■ **RECORDS TO PROCESS**
=======

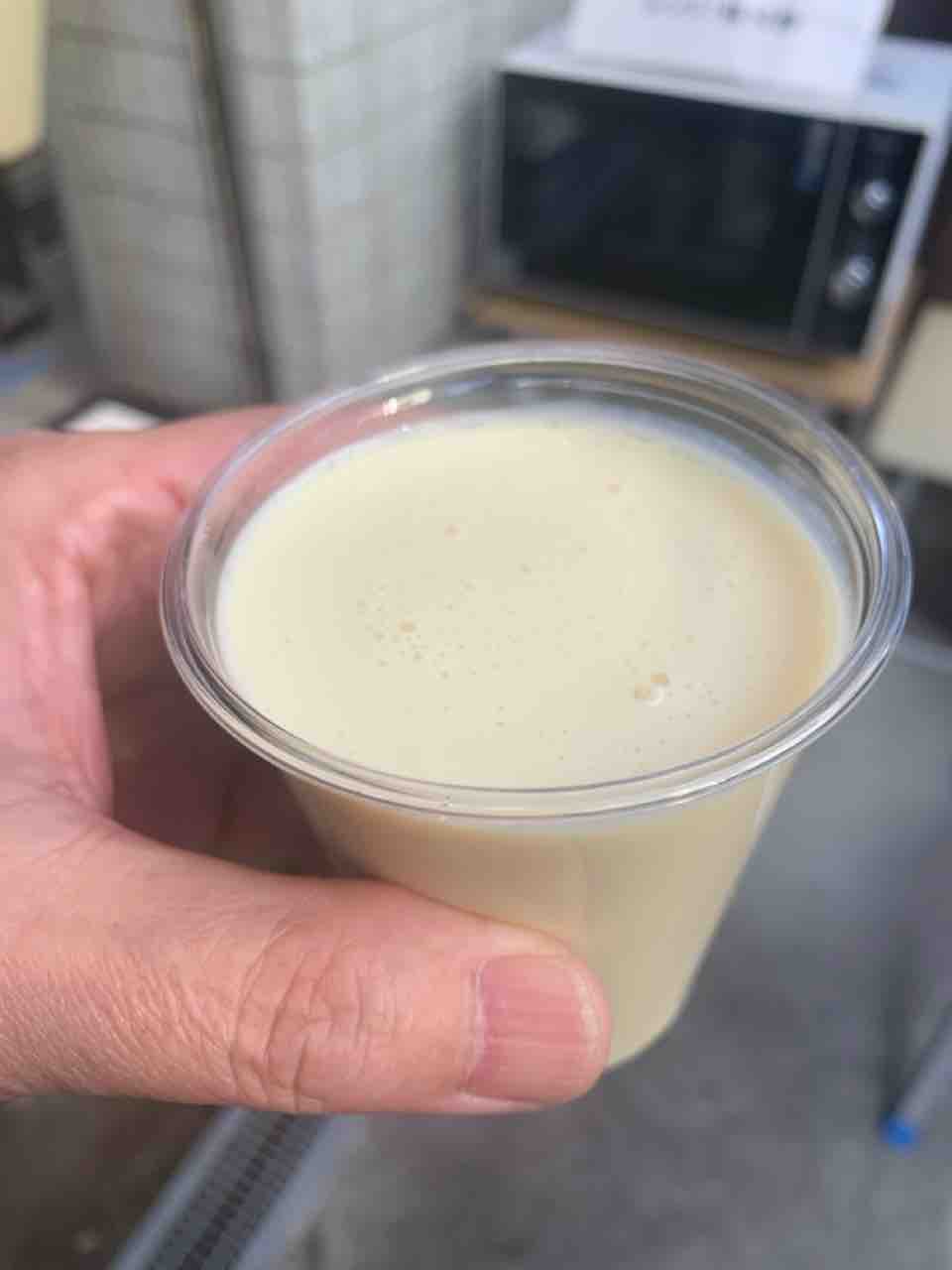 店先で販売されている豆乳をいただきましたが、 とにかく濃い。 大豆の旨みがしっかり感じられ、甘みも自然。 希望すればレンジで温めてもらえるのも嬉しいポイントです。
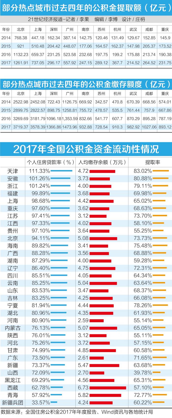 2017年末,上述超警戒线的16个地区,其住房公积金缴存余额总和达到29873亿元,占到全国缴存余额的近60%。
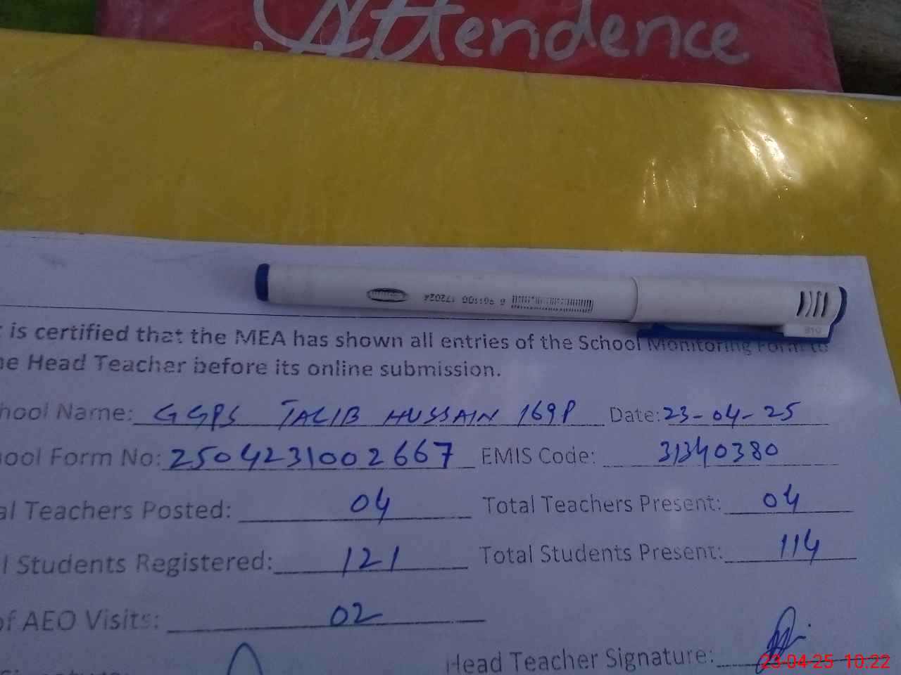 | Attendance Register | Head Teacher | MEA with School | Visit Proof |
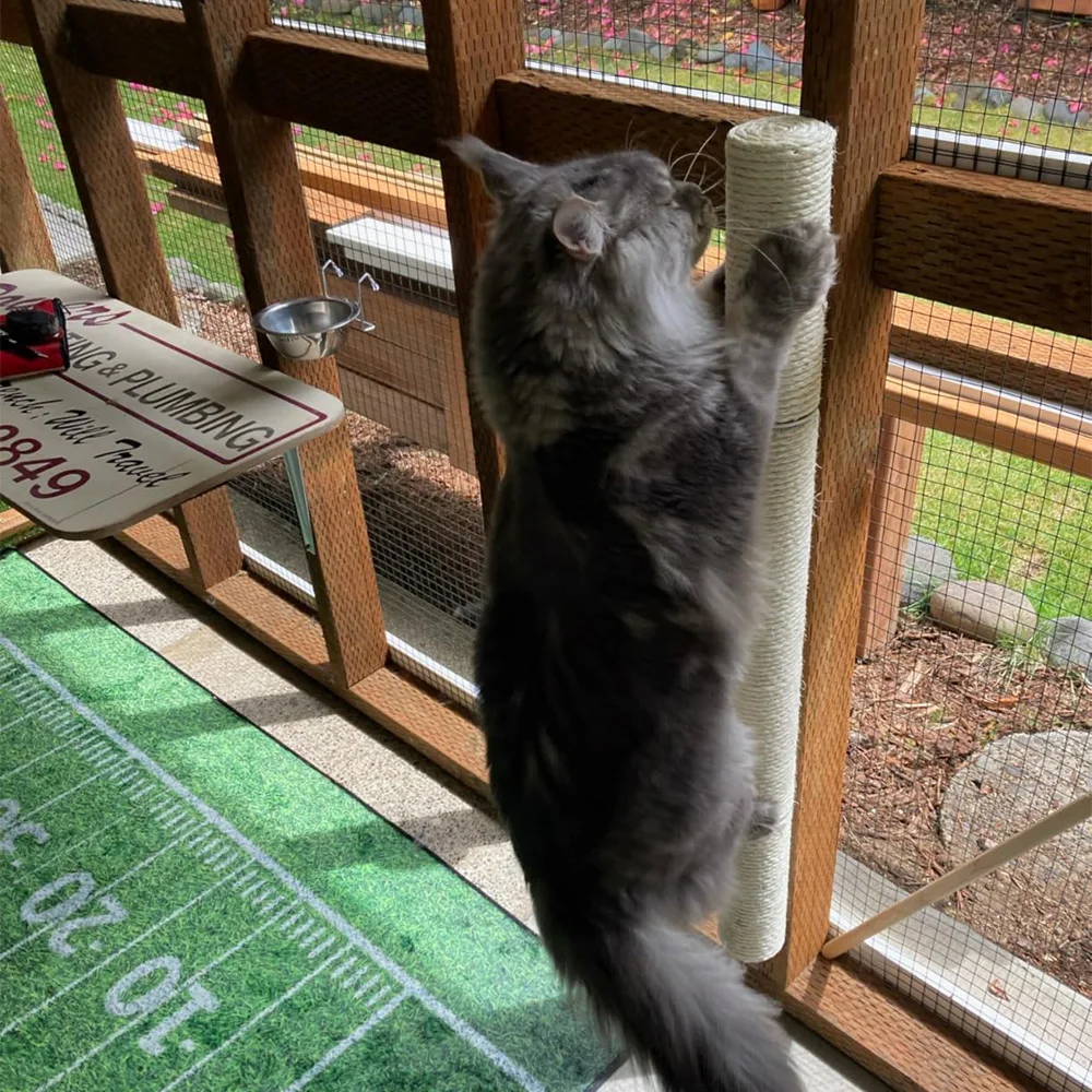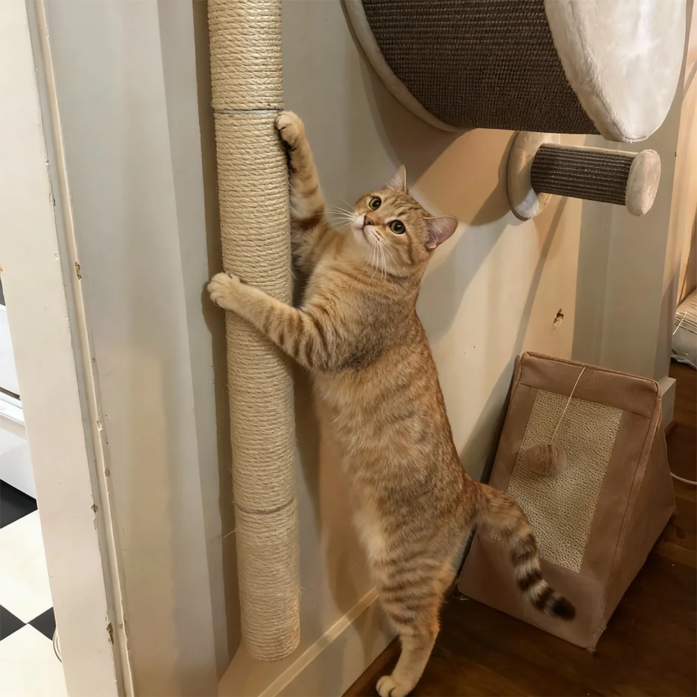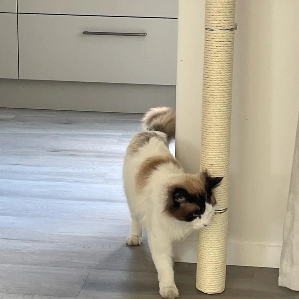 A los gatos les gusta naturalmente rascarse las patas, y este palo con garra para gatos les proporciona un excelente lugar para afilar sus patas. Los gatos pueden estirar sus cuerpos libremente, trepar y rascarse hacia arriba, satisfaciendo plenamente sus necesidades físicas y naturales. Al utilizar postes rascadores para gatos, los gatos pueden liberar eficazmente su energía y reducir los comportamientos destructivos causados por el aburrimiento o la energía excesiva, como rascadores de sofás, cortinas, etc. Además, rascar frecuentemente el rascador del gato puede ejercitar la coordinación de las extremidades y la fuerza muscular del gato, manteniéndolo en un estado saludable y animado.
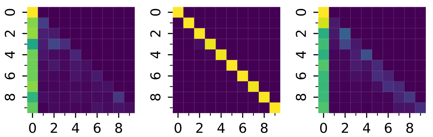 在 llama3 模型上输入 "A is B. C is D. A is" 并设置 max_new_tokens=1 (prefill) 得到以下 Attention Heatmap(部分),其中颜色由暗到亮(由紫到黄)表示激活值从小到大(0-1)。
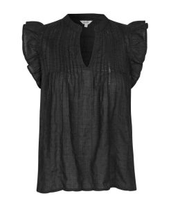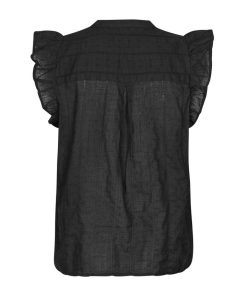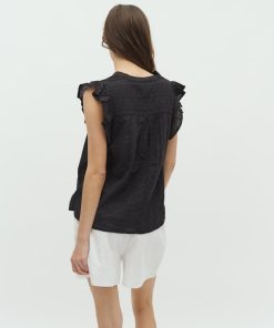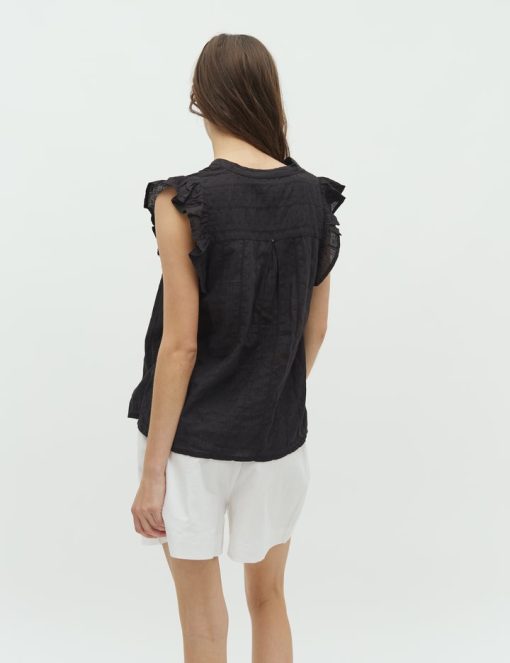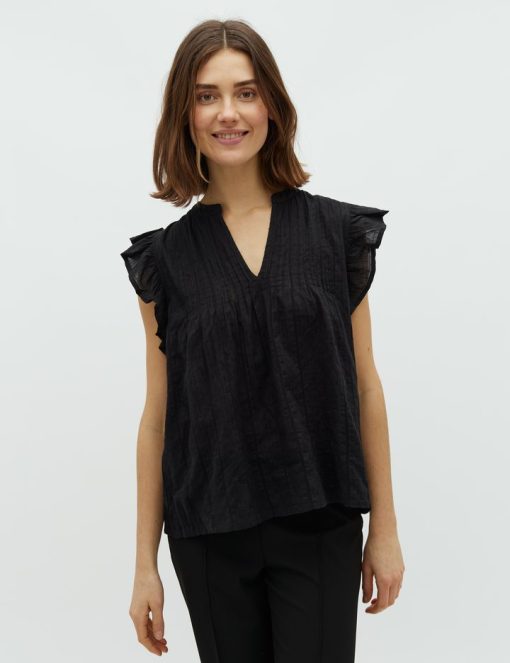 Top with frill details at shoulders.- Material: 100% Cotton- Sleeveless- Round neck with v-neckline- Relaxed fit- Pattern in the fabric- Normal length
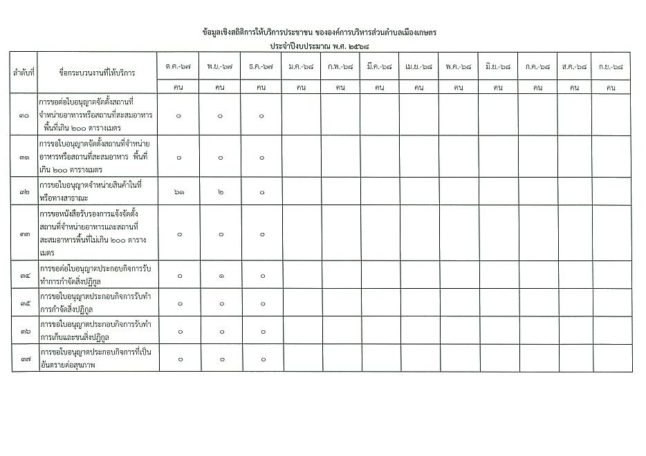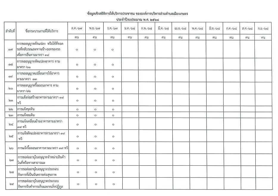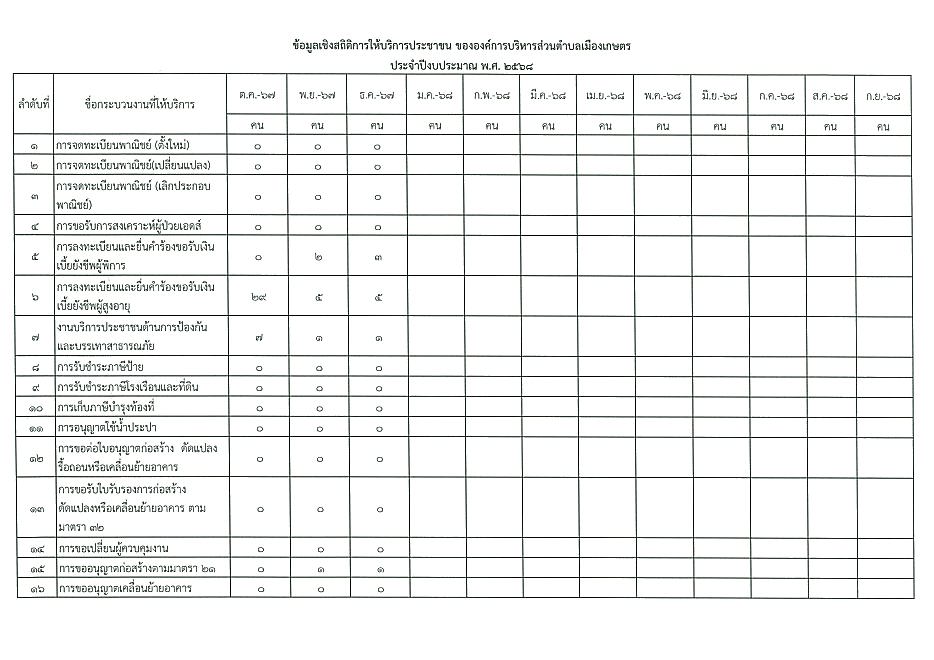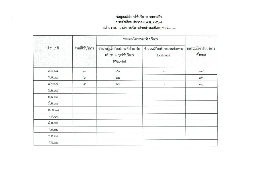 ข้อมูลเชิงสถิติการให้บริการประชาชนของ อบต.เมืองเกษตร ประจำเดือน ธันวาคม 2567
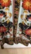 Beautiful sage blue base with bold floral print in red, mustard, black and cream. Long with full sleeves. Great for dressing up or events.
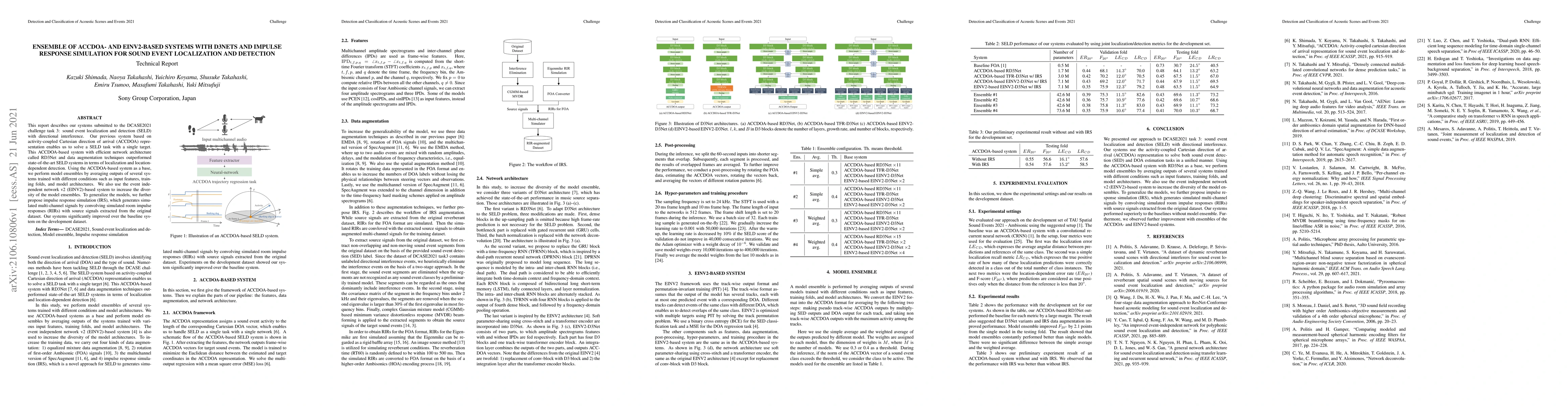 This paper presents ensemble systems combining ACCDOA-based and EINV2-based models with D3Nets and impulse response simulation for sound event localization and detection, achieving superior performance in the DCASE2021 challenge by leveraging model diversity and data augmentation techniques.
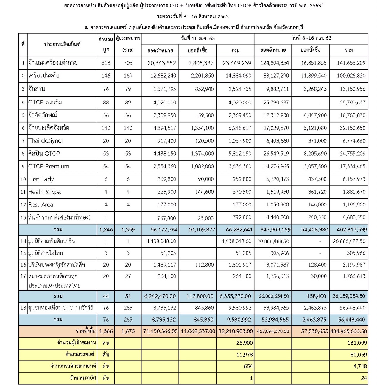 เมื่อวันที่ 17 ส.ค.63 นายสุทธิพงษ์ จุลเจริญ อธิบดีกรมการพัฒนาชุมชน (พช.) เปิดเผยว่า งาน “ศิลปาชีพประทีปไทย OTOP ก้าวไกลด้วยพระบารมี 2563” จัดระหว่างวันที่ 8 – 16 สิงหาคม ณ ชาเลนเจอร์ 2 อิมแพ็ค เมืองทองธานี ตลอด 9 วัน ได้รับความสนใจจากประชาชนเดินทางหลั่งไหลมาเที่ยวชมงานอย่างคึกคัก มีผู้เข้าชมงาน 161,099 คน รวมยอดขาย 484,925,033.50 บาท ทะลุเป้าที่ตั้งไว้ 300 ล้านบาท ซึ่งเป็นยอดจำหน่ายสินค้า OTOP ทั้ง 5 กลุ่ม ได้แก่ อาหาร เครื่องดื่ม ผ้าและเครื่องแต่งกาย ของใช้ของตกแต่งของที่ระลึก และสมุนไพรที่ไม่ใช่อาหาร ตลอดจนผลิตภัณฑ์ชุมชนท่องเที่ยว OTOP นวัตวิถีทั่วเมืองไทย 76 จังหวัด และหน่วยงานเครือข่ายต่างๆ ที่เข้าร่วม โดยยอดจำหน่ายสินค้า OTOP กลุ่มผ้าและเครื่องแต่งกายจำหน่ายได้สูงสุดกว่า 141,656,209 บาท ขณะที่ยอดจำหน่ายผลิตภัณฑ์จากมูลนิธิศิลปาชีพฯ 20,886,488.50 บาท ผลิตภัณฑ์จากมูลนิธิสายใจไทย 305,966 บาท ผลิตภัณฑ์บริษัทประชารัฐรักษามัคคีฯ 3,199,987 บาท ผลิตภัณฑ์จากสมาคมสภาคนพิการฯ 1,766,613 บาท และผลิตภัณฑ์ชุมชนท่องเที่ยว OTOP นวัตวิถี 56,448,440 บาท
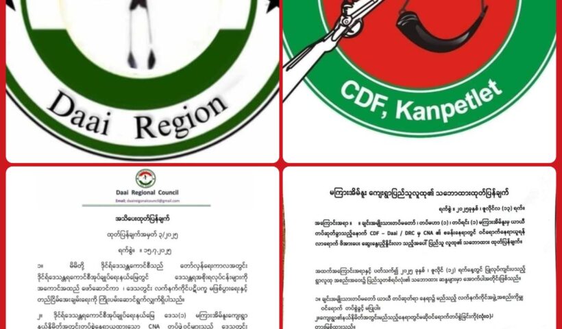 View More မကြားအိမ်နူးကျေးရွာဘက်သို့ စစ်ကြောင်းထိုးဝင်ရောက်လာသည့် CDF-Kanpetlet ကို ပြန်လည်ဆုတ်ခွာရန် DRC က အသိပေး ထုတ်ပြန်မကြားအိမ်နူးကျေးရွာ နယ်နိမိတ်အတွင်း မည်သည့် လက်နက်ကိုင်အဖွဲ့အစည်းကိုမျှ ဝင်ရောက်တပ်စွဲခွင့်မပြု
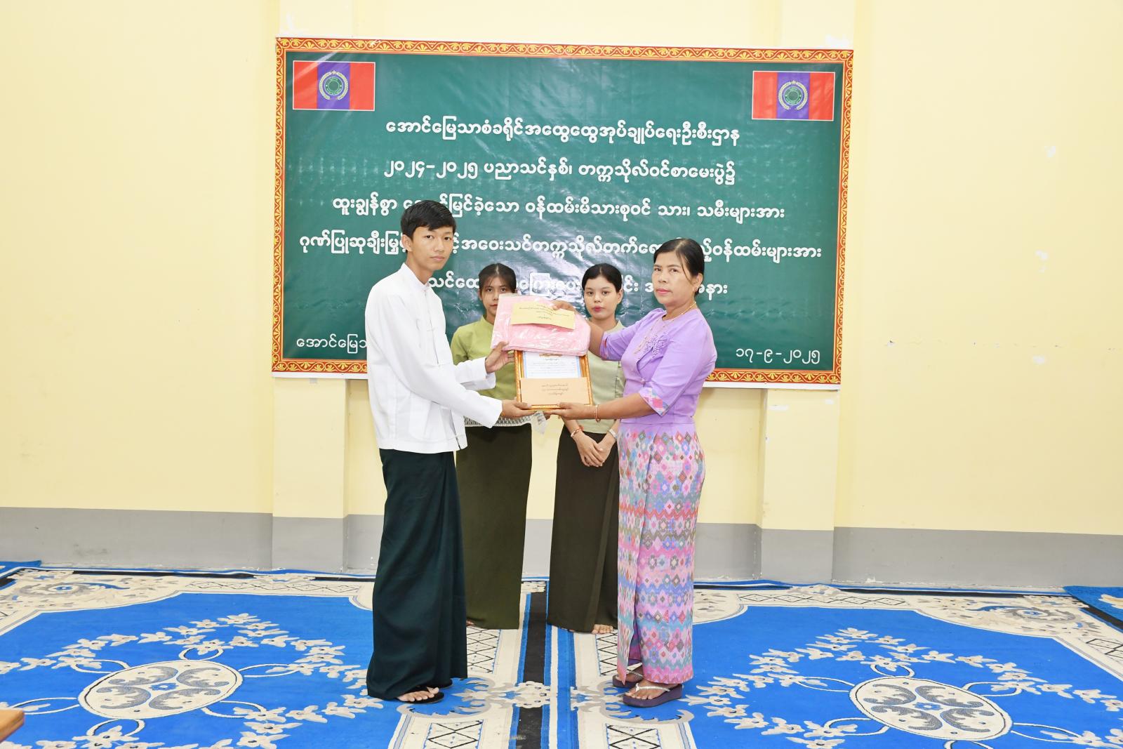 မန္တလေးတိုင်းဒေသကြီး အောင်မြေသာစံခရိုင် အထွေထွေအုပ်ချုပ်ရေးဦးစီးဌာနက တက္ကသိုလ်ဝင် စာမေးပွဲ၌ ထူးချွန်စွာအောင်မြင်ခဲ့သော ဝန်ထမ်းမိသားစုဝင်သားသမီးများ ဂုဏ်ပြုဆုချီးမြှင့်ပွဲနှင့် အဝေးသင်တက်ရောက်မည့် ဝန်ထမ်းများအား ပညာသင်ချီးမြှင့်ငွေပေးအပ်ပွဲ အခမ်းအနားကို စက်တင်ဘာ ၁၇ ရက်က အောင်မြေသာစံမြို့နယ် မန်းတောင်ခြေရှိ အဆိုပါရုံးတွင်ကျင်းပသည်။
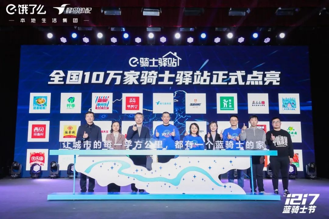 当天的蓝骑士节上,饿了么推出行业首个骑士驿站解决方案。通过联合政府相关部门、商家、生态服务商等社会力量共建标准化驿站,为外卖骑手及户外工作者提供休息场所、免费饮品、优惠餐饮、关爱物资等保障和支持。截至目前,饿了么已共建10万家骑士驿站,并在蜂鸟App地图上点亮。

=======

■ **TRY IT**
In the data above, find the line containing "在 llama3 模型上输入" and the line containing "This paper presents". Copy exactly the stretch from the first through the second, both included, leaving out any picture.

■ **RESULT**
 在 llama3 模型上输入 "A is B. C is D. A is" 并设置 max_new_tokens=1 (prefill) 得到以下 Attention Heatmap(部分),其中颜色由暗到亮(由紫到黄)表示激活值从小到大(0-1)。
 Top with frill details at shoulders.- Material: 100% Cotton- Sleeveless- Round neck with v-neckline- Relaxed fit- Pattern in the fabric- Normal length
 ข้อมูลเชิงสถิติการให้บริการประชาชนของ อบต.เมืองเกษตร ประจำเดือน ธันวาคม 2567
 Beautiful sage blue base with bold floral print in red, mustard, black and cream. Long with full sleeves. Great for dressing up or events.
 This paper presents ensemble systems combining ACCDOA-based and EINV2-based models with D3Nets and impulse response simulation for sound event localization and detection, achieving superior performance in the DCASE2021 challenge by leveraging model diversity and data augmentation techniques.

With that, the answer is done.